2.1. Overall conventions
In the diagrams below, a box like this:
+---+
| | <-- the vertical bars might be missing
+---+
represents one byte; ...
2.2. File format
A gzip file consists of a series of "members" (compressed data
sets). The format of each member is specified in the following
section. The members simply appear one after another in the file,
with no additional information before, between, or after them.
2.3. Member format
Each member has the following structure:
+---+---+---+---+---+---+---+---+---+---+
|ID1|ID2|CM |FLG| MTIME |XFL|OS | (more-->)
+---+---+---+---+---+---+---+---+---+---+
...
2.3.1. Member header and trailer
...
FLG (FLaGs)
This flag byte is divided into individual bits as follows:
bit 0 FTEXT
bit 1 FHCRC
bit 2 FEXTRA
bit 3 FNAME
bit 4 FCOMMENT
bit 5 reserved
bit 6 reserved
bit 7 reserved
Working with Binary Formats in Go
The smallest data structure Go provides is the basic type byte
(alias of int8
). Bitwise logical and shift operators are however available.

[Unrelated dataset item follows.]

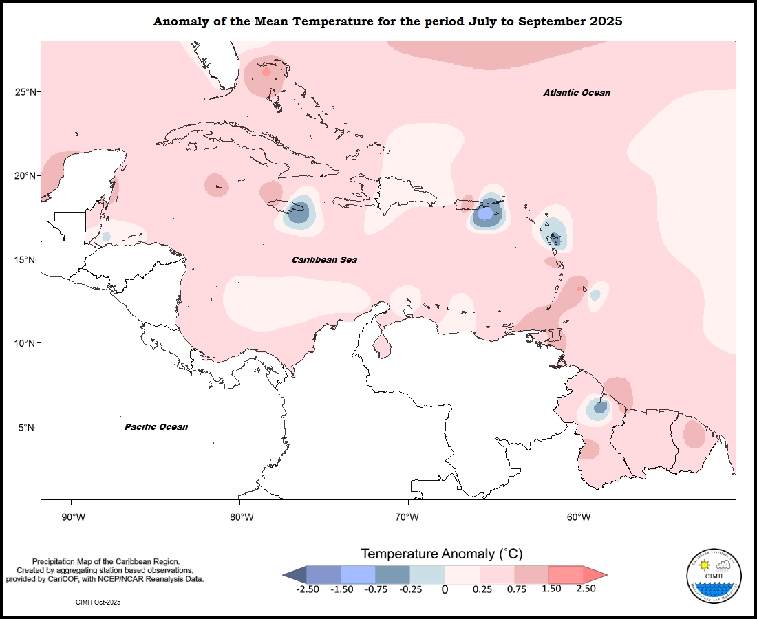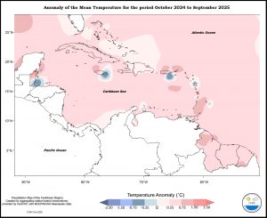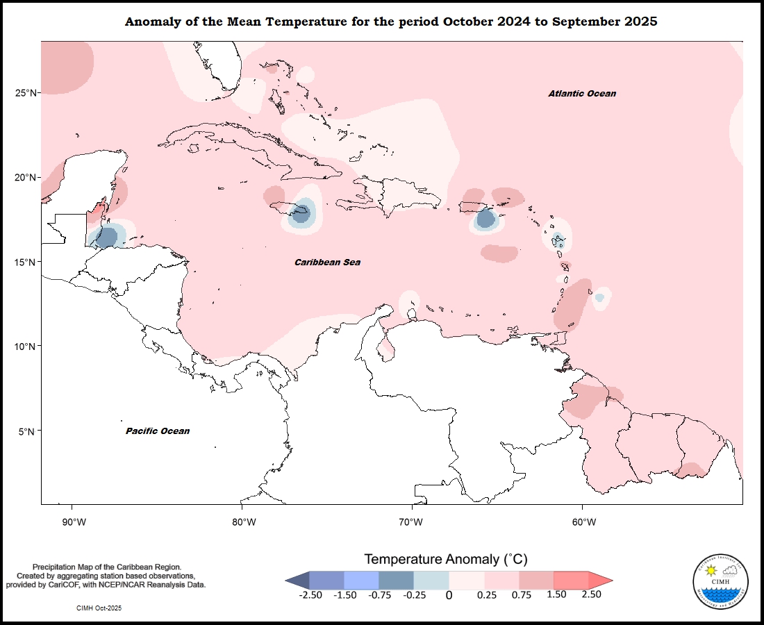 Temperature anomalies were warmer than usual for the period October 2024 to September 2025 throughout the eastern Caribbean. Trinidad was predominantly between 0.25 and 0.75 o C warmer, ranging to 1.50 o C warmer in the northeast; Tobago was between 0.75 and 1,50 o C warmer; Grenada, Martinique and St Thomas were between 0.25 and 1.50 o C warmer; Barbados was between 0 and 1.50 o C warmer; Saint Lucia and Dominica and were between 0 and 0.75 o C warmer; Guadeloupe ranged from 0.25 o C warmer to predominantly between 0 and 0.25 o C cooler; Antigua was between 0 and 0.25 o C warmer; St Kitts and St Maarten were between 0.25 o C and 0.75 o C warmer; St. Croix was between 0.25 o C cooler and 0.75 o C warmer west to east. The Guianas were between 0.25 and 1.50 o C warmer. Aruba was between 0 and 0.25 o C warmer and Curacao was between 0.25 and 0.75 o C warmer. Puerto Rico was between 0.75 o C cooler and 1.50 o C warmer. The Dominican Republic was predominantly between 0 and 0.25 o C warmer, ranging to 0.75 o C warmer in the south. Jamaica was between 1.50 o C warmer and 0.75 o C cooler west to east. Grand Cayman was between 0.25 and 0.75 o C warmer. Northern Bahamas was between 0 and 1.50 o C warmer. Belize was between 0.75 o C cooler and 2.50 o C warmer.

Relevant Questions Posted on StackOverflow
Suggestions on StackOverflow in response to the above-described need are limited to the use of bitwise operators.
An Elegant Solution
Encoding and decoding binary formats in Go should be a matter of attaching tags to struct fields and calling Marshal()
/Unmarshal()
.
package main
import (
"log"
"github.com/joel-ling/go-bitfields/pkg/encoding/binary"
)
type rfc791InternetHeaderWord0 struct {
// Reference: RFC 791 Internet Protocol, Section 3.1 Internet Header Format
// https://datatracker.ietf.org/doc/html/rfc791#section-3.1
Version uint `bitfield:"4,28"`
InternetHeaderLength uint `bitfield:"4,24"`
TypeOfServicePrecedence rfc791InternetHeaderPrecedence `bitfield:"3,21"`
TypeOfServiceDelay bool `bitfield:"1,20"`
TypeOfServiceThroughput bool `bitfield:"1,19"`
TypeOfServiceReliability bool `bitfield:"1,18"`
TypeOfServiceReserved uint `bitfield:"2,16"`
TotalLength uint `bitfield:"16,0"`
}
type rfc791InternetHeaderPrecedence byte
const (
rfc791InternetHeaderPrecedenceRoutine rfc791InternetHeaderPrecedence = iota
rfc791InternetHeaderPrecedencePriority
rfc791InternetHeaderPrecedenceImmediate
rfc791InternetHeaderPrecedenceFlash
rfc791InternetHeaderPrecedenceFlashOverride
rfc791InternetHeaderPrecedenceCRITICOrECP
rfc791InternetHeaderPrecedenceInternetworkControl
rfc791InternetHeaderPrecedenceNetworkControl
)
func main() {
const (
internetHeaderLength = 5
internetHeaderVersion = 4
internetHeaderDelayNormal = false
internetHeaderDelayLow = true
internetHeaderThroughputNormal = false
internetHeaderThroughputHigh = true
internetHeaderReliabilityNormal = false
internetHeaderReliabilityHigh = true
internetHeaderTotalLength = 30222
reserved = 0
)
const (
formatBytes = "%08b"
formatStruct = "%#v"
)
var (
structure0 = rfc791InternetHeaderWord0{
Version: internetHeaderVersion,
InternetHeaderLength: internetHeaderLength,
TypeOfServicePrecedence: rfc791InternetHeaderPrecedenceImmediate,
TypeOfServiceDelay: internetHeaderDelayLow,
TypeOfServiceThroughput: internetHeaderThroughputNormal,
TypeOfServiceReliability: internetHeaderReliabilityHigh,
TypeOfServiceReserved: reserved,
TotalLength: internetHeaderTotalLength,
}
structure1 = rfc791InternetHeaderWord0{}
)
var (
bytes []byte
e error
)
bytes, e = binary.Marshal(&structure0)
if e != nil {
log.Fatalln(e)
}
log.Printf(formatBytes, bytes)
// [01000101 01010100 01110110 00001110]
e = binary.Unmarshal(bytes, &structure1)
if e != nil {
log.Fatalln(e)
}
log.Printf(formatStruct, structure1 == structure0)
// true
}
Large structures can be encoded and decoded in 32-bit instalments.
Struct Tags
The encoding of every struct field is determined by a struct tag of the following key and format:
bitfield:"
Length
refers to an integer representing the bit-length of a field, i.e. the number of bits in the field.
Offset
refers to an integer representing the number of places the bit field should be shifted left from the rightmost section of a 32-bit sequence for its position in that sequence to be appropriate. It is also the number of places to the right of the rightmost bit of the field.
Notice how in a fully utilised 32-bit word, the offset of every field is the cumulative sum of their lengths, when viewed from the rightmost field to the leftmost.